Read the various datasheets and application notes for chopper
stabilized amplifiers, the highest precision bipolar operational
amplifiers, and low input bias current operational amplifiers.  Linear
Technology and Analog Devices are great sources for this information.
The major issues in rough order of importance are:

1. Thermocouples and temperature gradients - this is a huge problem
and special attention will need to be directed toward the layout and
maintaining an isothermal environment.  Careful design is required to
get the specified drift performance out of chopper stabilized (10nV/C)
and low drift operational amplifiers (100nV/C before trimming or
grading).

2. Leakage - even at low impedance levels, minor amounts of leakage
will cause significant errors.  100nV at 10k is only 10pA so this is a
real problem for RC filters where long time constants require high
impedance levels and capacitor leakage also needs to be considered;
avoid Mylar/polyester/PET and high dielectric constant ceramic
capacitors.  In the past, through-hole construction allowed "air
wiring" sensitive nodes but that is not practical with surface mount
parts.  Guards will need to be used in the layout which is impossible
with the smaller surface mount packages.  

3. Resistor self heating - even precision resistors become a problem
at this level of stability because of self heating which also
complicates the thermocouple problem.  High resistance values lower
self heating but make errors from leakage current and current noise
worse.

4. Dielectric absorption - this will be a problem if fast settling is
required.  Avoid Mylar/polyester/PET and high dielectric constant
ceramic capacitors.

5. Pink Noise - 1/f noise increases as frequency decreases.  Chopper
amplifiers have flat 1/f noise so are invaluable below about 1 Hz.

On Tue, 1 Nov 2016 13:14:16 +0100, you wrote:

>Hi,
>
>I have a "small" side project, which involves keeping a voltage stable
>to better than 100nV over the period of several seconds.
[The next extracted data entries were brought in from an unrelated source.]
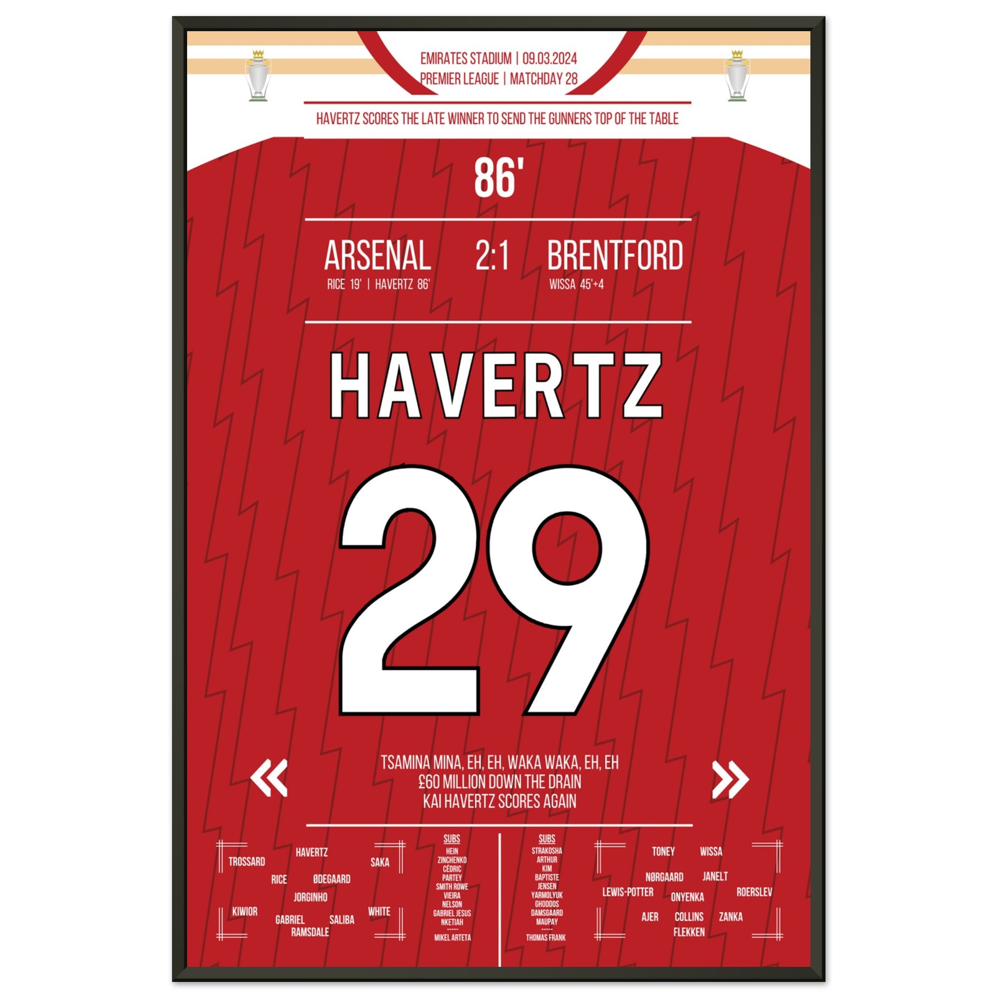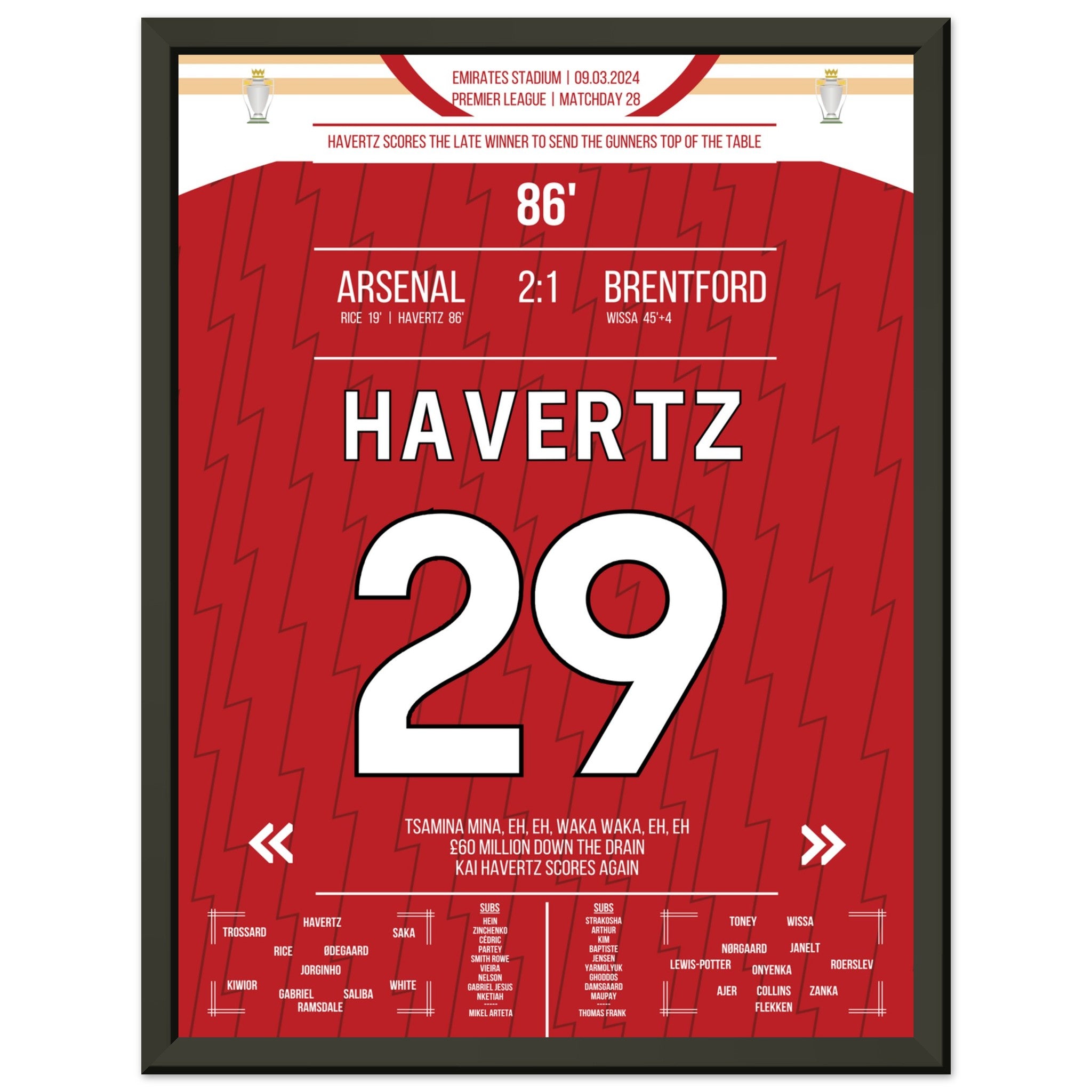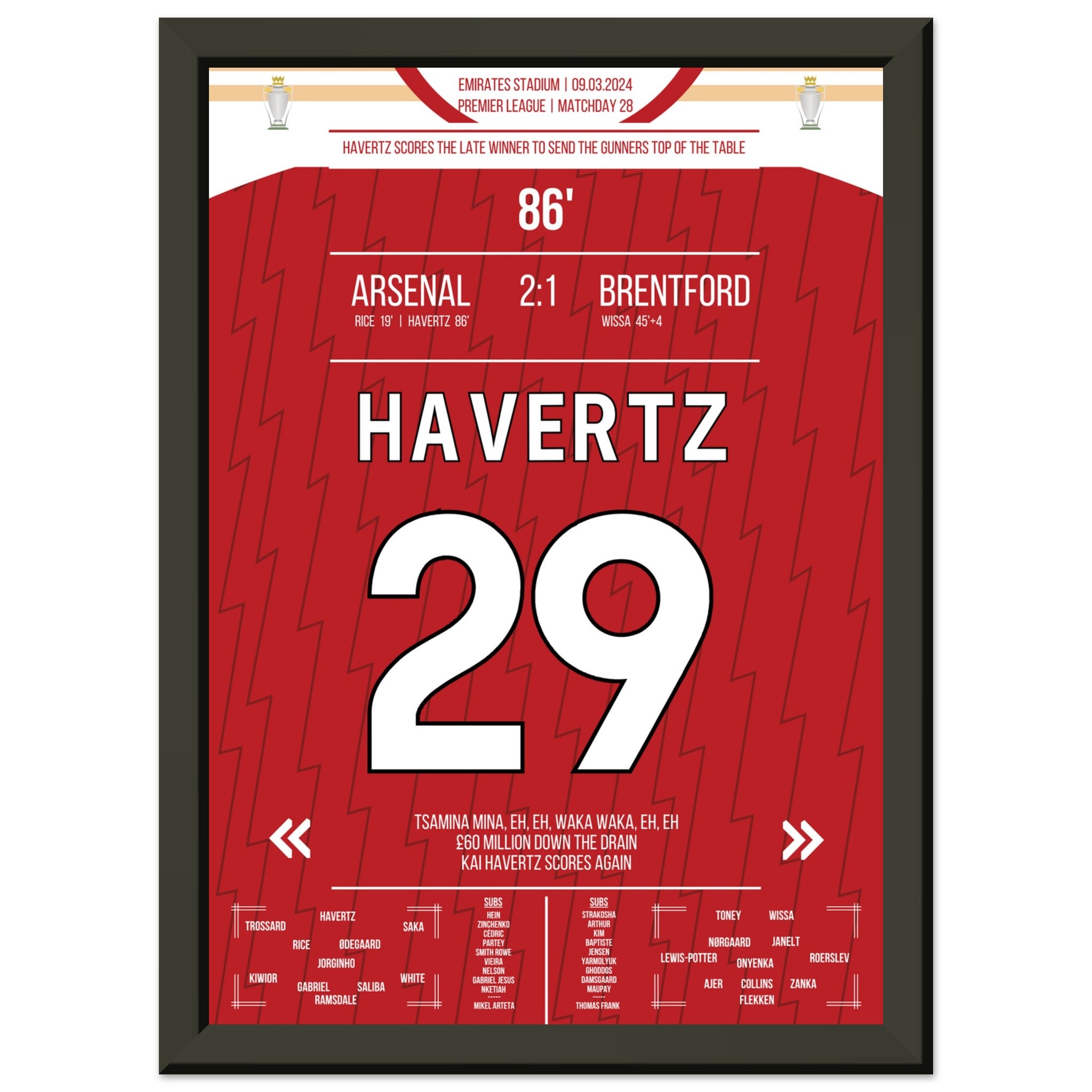 Hier kommt unser Premium-Druck dieses unvergesslichen Fußballmoments für das ultimative Fan-Erlebnis. Gedruckt auf schwerem, seidenmattem Premium-Papier, glänzt dieses Kunstwerk mit verstärkten Farben und einem subtilen Glanz, der jedes Detail zum Vorschein bringt.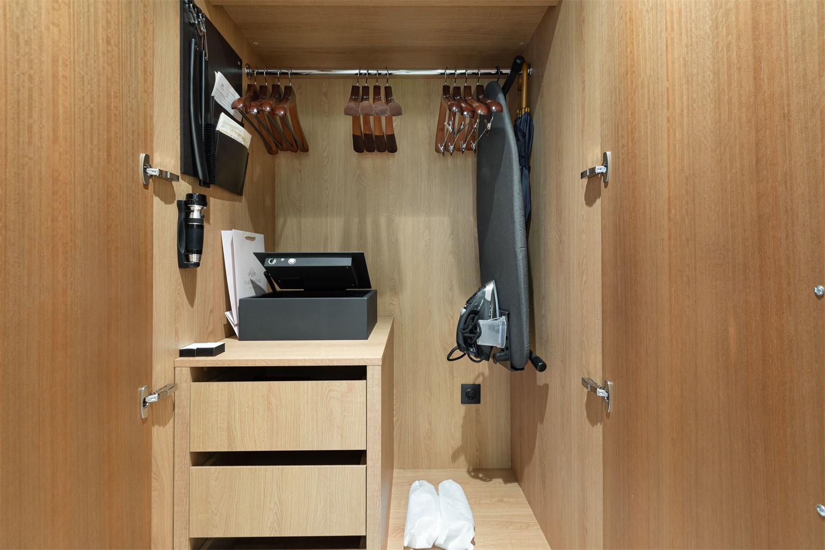 В номере: вешалка, диван, зеркало, кровать двуспальная, прикроватные тумбочки, стол, стулья, шкаф, кондиционер, кофемашина, сейф, телевизор, телефон, утюг, чайный набор посуды, электрочайник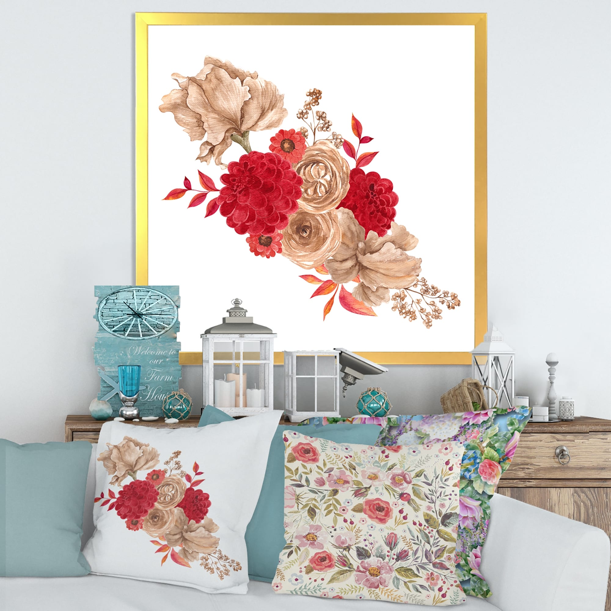 Designart "Autumn Bouquet of Fall Flowers And Leaves II" Traditional Framed Art Print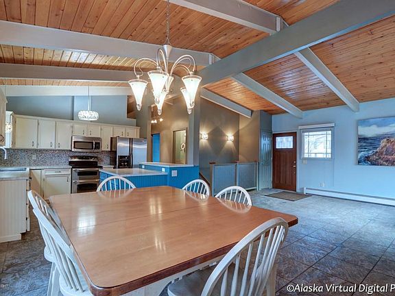 Lovely Home in well established Eastside Neighborhood. Open floor plan, great for entertaining w/vaulted pine ceilings throughout. Catch beautiful sunsets frm large picture windows and deck. Downstairs has lrg family room & XL utility room. Good size bedrooms. Large lot w/fenced backyard. New roof &custom gutters 2016. Newer boiler w/ on demand hot water heater. Garage has new heater &garage doors

Ie. a DAC
>produces an output and a chain of opamps and low pass filters feeds
>it to the consuming device. The absolute value and drift over more
>than 10-100s is not that important.
>
>As I lack a lot of knowledge in this field, I would like to ask
>whether someone can point me at literature or give me some terms
>to search for that help me to figure out whether this is actually
>feasible and how I could achieve that. I know the basic literature
>on noise and how to deal with that. What I am interested in are the
>real world problems, how big they actually are and how to deal with them.